ASSIGNED TASK:
Scan the records beneath this line for the line holding "A believed 19th" and the line holding "Skoene er ankelhøye", then transcribe exactly those two and all lines between.

DATA FOR PROCESSING:
*****
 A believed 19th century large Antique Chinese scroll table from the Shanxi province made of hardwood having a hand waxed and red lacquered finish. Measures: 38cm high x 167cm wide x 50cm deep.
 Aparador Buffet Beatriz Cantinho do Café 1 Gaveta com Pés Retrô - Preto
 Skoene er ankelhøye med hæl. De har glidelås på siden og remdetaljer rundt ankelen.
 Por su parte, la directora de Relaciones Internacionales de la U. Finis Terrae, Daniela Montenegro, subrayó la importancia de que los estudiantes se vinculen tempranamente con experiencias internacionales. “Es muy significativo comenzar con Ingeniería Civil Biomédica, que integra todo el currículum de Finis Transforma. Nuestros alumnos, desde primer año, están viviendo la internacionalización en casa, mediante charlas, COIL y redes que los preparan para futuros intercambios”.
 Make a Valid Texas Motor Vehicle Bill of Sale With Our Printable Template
*****
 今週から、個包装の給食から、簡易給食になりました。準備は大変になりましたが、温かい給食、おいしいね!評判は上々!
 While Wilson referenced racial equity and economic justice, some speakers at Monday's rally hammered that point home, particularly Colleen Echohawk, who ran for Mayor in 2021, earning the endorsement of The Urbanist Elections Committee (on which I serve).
*****
REPLY TO THE EXERCISE:
 A believed 19th century large Antique Chinese scroll table from the Shanxi province made of hardwood having a hand waxed and red lacquered finish. Measures: 38cm high x 167cm wide x 50cm deep.
 Aparador Buffet Beatriz Cantinho do Café 1 Gaveta com Pés Retrô - Preto
 Skoene er ankelhøye med hæl. De har glidelås på siden og remdetaljer rundt ankelen.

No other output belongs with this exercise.